The following is based on a post made by John Sadler of Western University on the CALL listserv.

CanLII does not offer a custom field that permits searching by counsel.  However, there is a technique for finding cases in which a particular lawyer appeared for one of the parties. It relies on the fact that most cases follow a uniform syntax when identifying counsel. For example in a case in which Ms June L. Carter was counsel, the reasons for judgment will say something like the following at the beginning:

               June L. Carter, for the respondent

To search for Ms. Carter’s cases one might try this search in the “Document text” field

               “Carter for the”

For greater precision, try a qualifier that describes who the lawyer is representing, e.g.

               “Carter for the respondent”

Other “qualifiers” that could be used include “accused’, “plaintiff”, “defendant”, “applicant”, and “appellant”.

The technique is not foolproof, of course. Sometimes one will get false hits with common surnames, so the searches above would also pick up cases where John Carter was the counsel. You may need to play around with variations of the counsel’s name such as surname only, given name and surname, initials and surname, etc. Still, the above approach is a refinement on simply throwing the lawyer’s name into the search statement.

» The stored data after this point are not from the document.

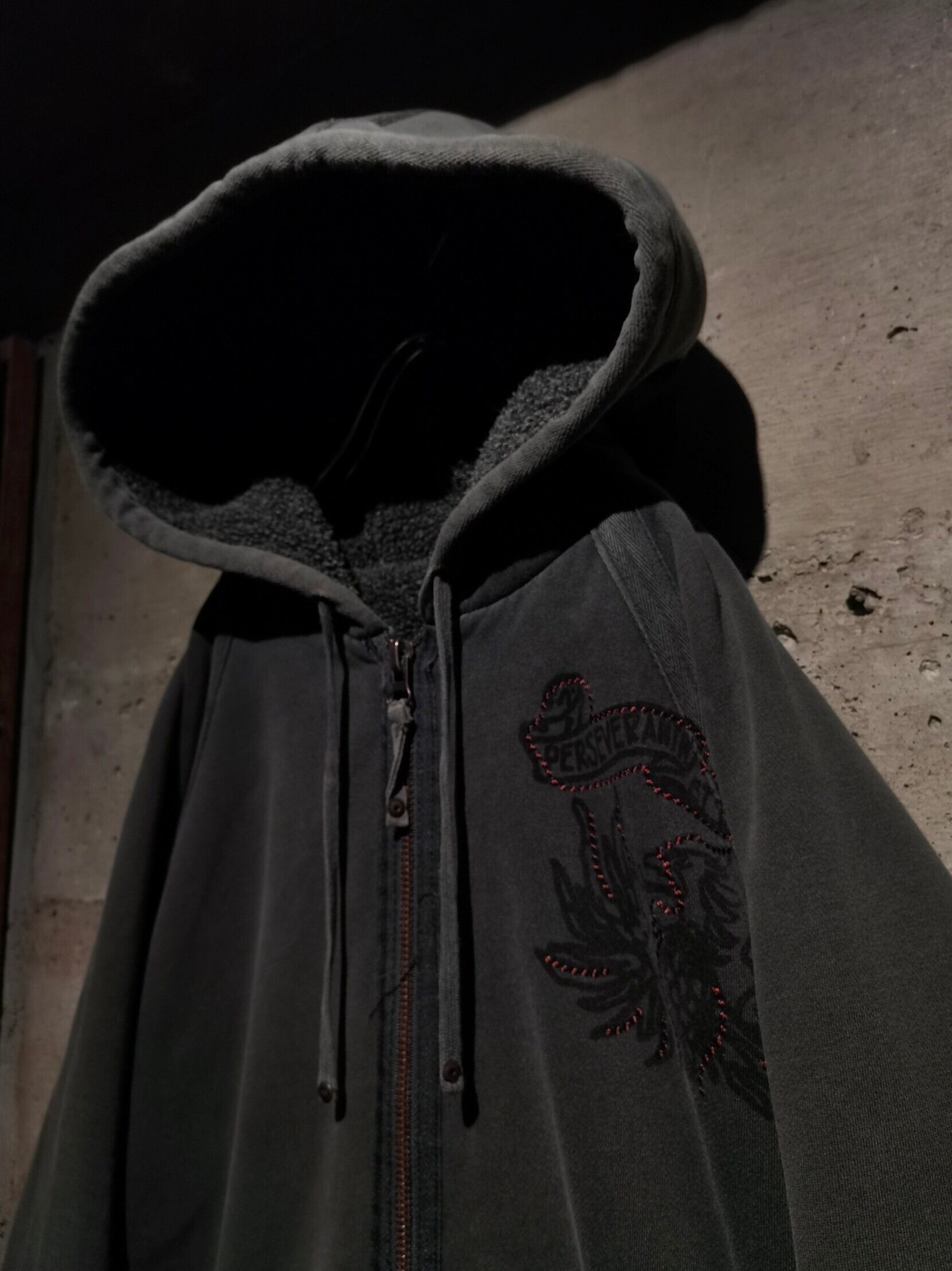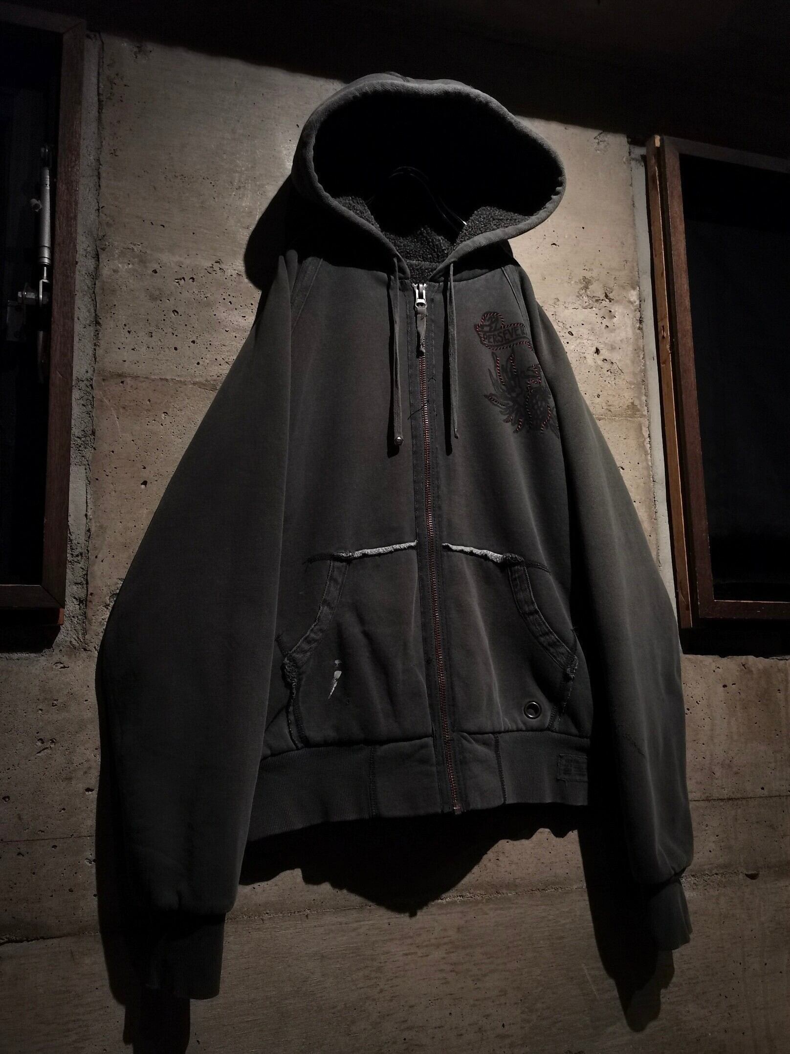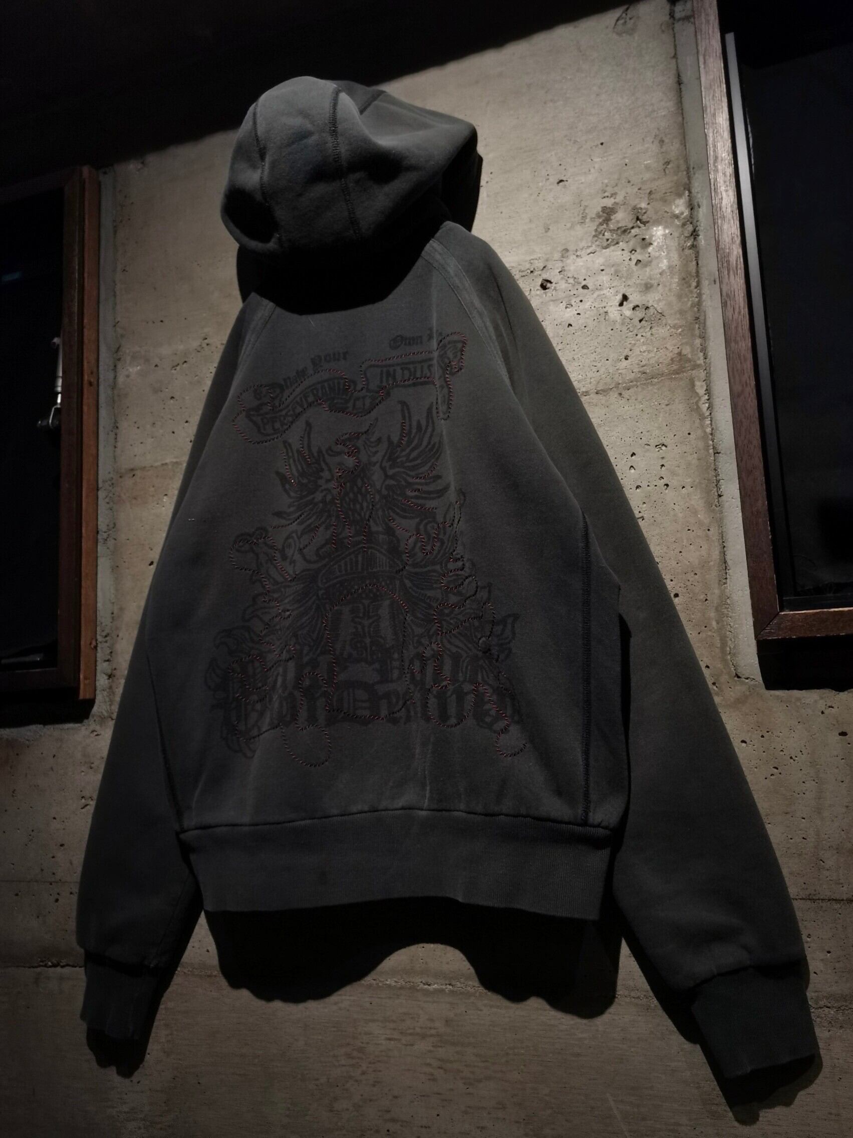 美しいフェードの効いたスミクロのボディに、ゴシック調のプリントを施したジップパーカー。
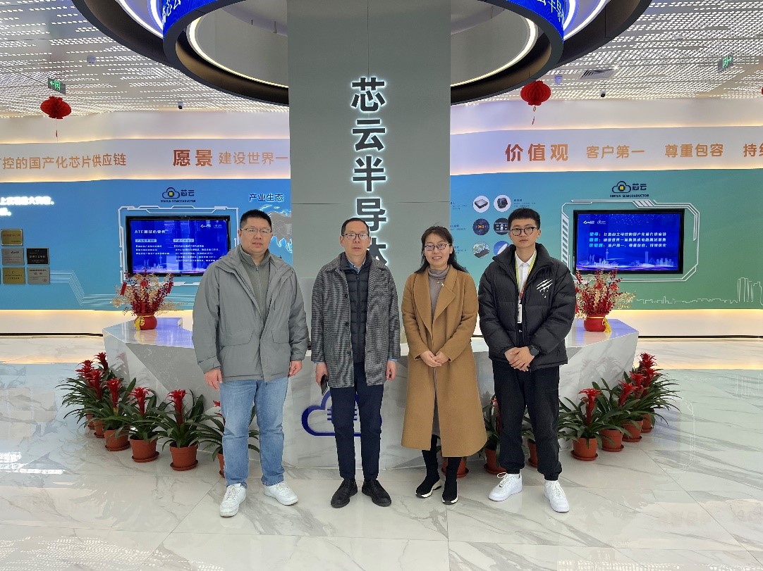 2023年2月27日-29日,电子与物联网学院院长陈良教授带领集成电路系主任马岗强、专业主任卢静赴浙江开展调研活动。陈院长一行先后调研杭州朗迅科技股份有限公司总部、芯云半导体先进测试基地(杭州和诸暨)、全国集成电路人才培训基地(诸暨),并与相关企业领导进行座谈交流。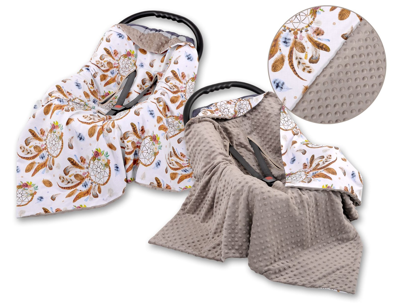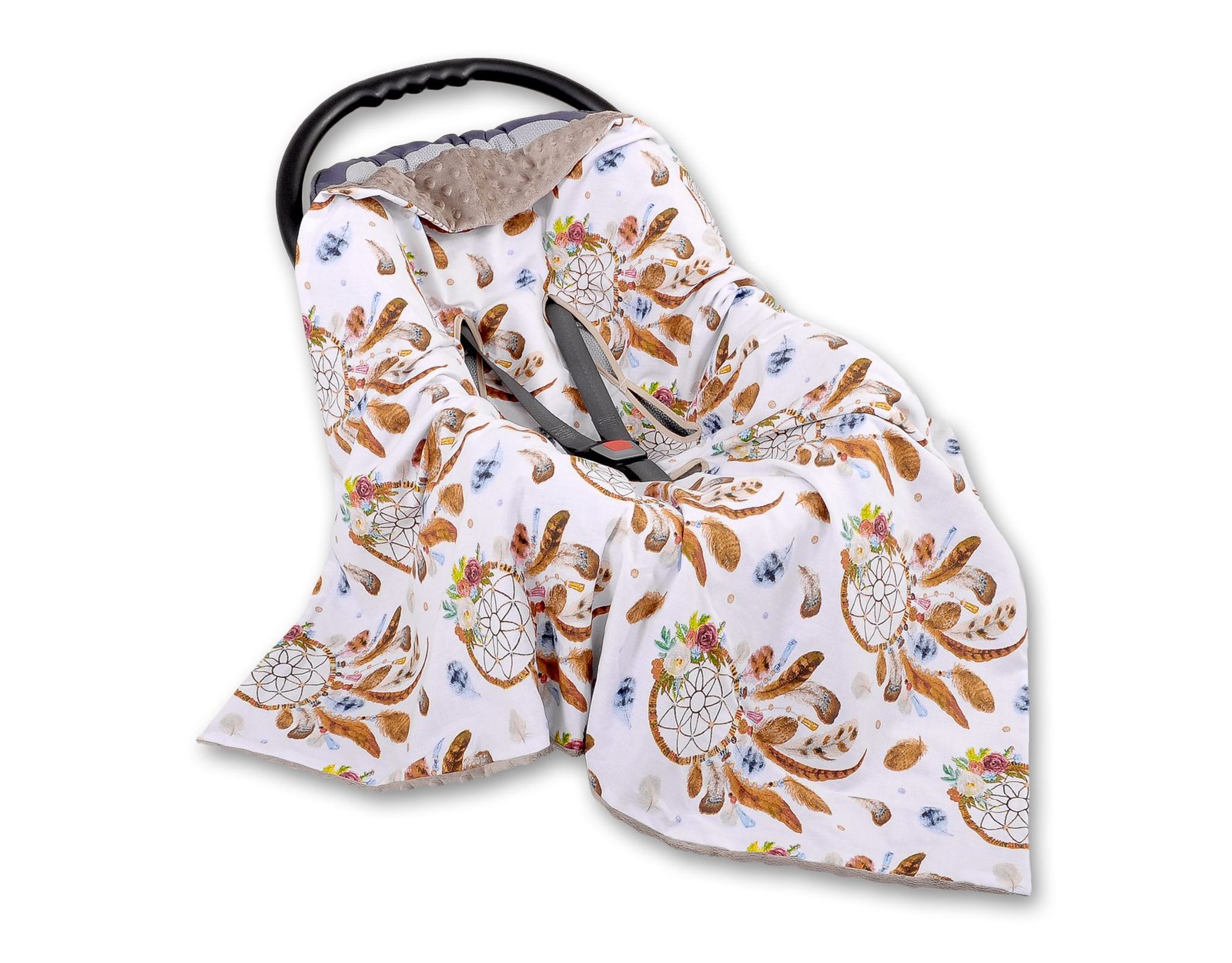 Exceptionally soft, warm cotton blanket for the car seat to ensure complete comfort for your baby during the car ride. Made from soft minky material and colourful 100% cotton.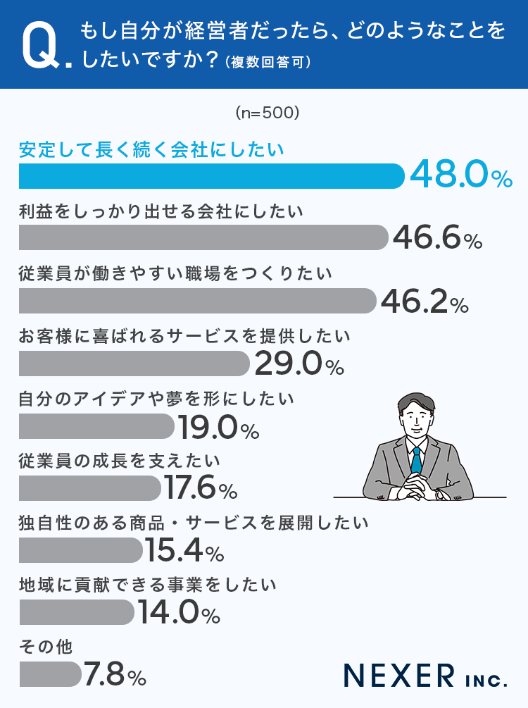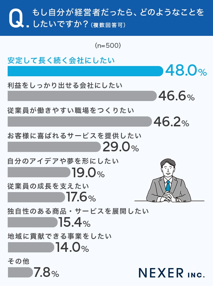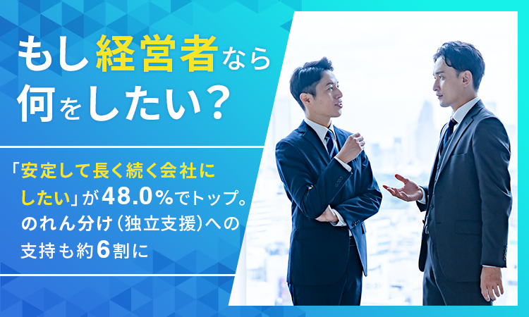 もし経営者なら何をしたい?「安定して長く続く会社にしたい」が48.0%でトップ。"のれん分け(独立支援)"への支持も約6割に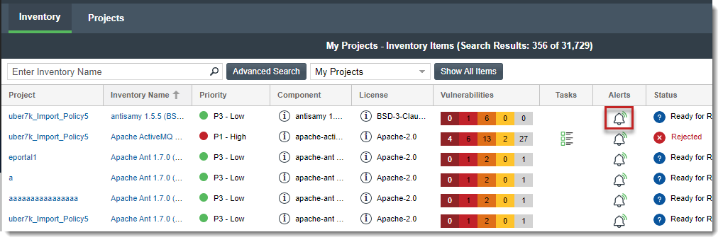 4. To view the open and closed alerts for a given inventory item associated with a given project, locate the item, and click the icon in the Alerts column.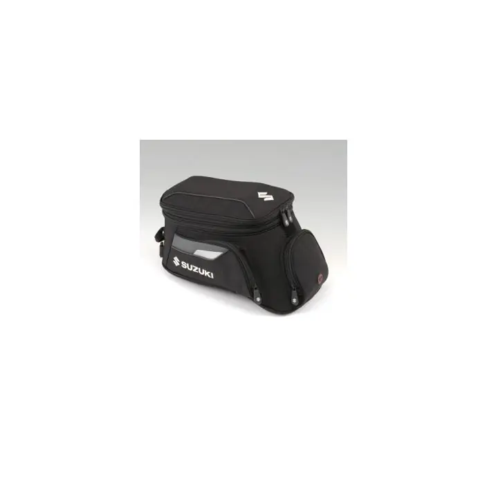 Tanktas vervaardigd van hoogwaardig nylon en afgewerkt met een refelecterende striping en Suzuki logo. De inhoud van de tanktas 11L en middels een rits uit te breiden naar 15L. De tanktas wordt geleverd exclusief adapter ring (art. nr. 990D0-04105-000) en inclusief regenhoes en riem zodat u hem eenvoudig kunt dragen.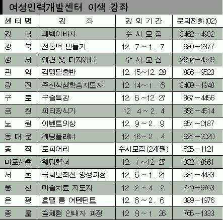 겨울학기를 맞아 서울시내 여성발전센터나 여성인력개발센터에서 다양한 취미생활을 반영한 이색 강좌가 넘쳐나고 있다. 크리스마스를 앞두고 산타 인형만들기, 파티음식 만들기 등 강좌도 잇달아 열리고 있다. 여성발전센터(womancenter.seoul.go.kr)는 서울시가, 여성인력개발센터(vocation.or.kr)는 여성부가 지원하는 곳으로 일반 문화센터에 비해 수강료가 절반 이상 싸다. 각 강좌는 선착순 등록이기 때문에 조기 마감될 수도 있다.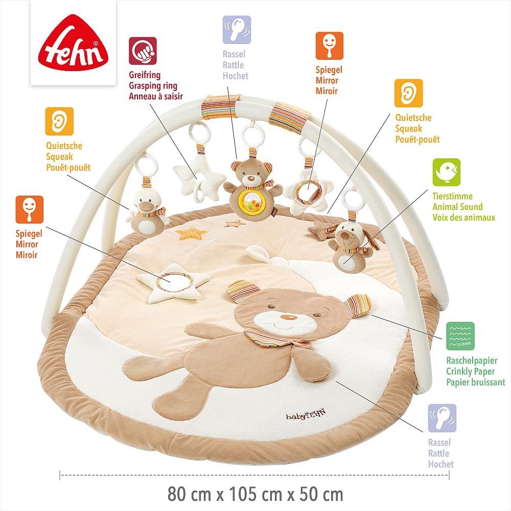 Arche de jeu avec 5 jouets amovibles pour bébés. Jouez et amusez-vous en position allongée, assise et en rampant, pour les bébés et les tout-petits à partir de 0 mois.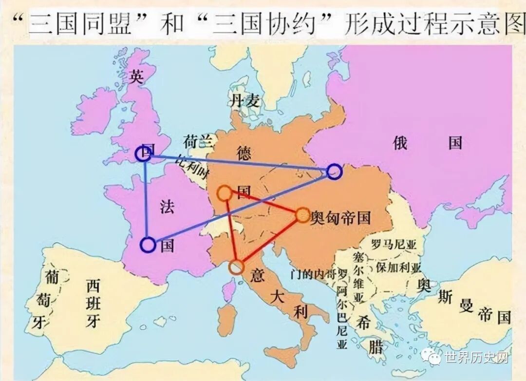 西部是西班牙、葡萄牙;北部是挪威、瑞典、丹麦;西北是英国,东部是俄国;中部和西面是法国、荷兰、比利时、德国、奥匈帝国;南面是意大利、阿尔巴尼亚、塞尔维亚、希腊、罗马尼亚、保加利亚等18个国家。

Many thanks to John for letting me use his post.

Comments

  1. Melanie R. Bueckert

    I noticed yesterday that in the Saskatchewan Labour Arbitration Awards (https://www.canlii.org/en/sk/skla/), there is a separate field for searching by arbitrator. Do any other CanLII databases have this search function?

  2. Melanie R. Bueckert

    Sorry, I now see that the ‘search by arbitrator’ function is fairly common across all of CanLII’s labour arbitration databases. Do we know if similar search functionality is coming to any of their other databases?

  3. Susannah Tredwell

    Melanie, CanLII tells me that there is no immediate plan to introduce that function to other databases.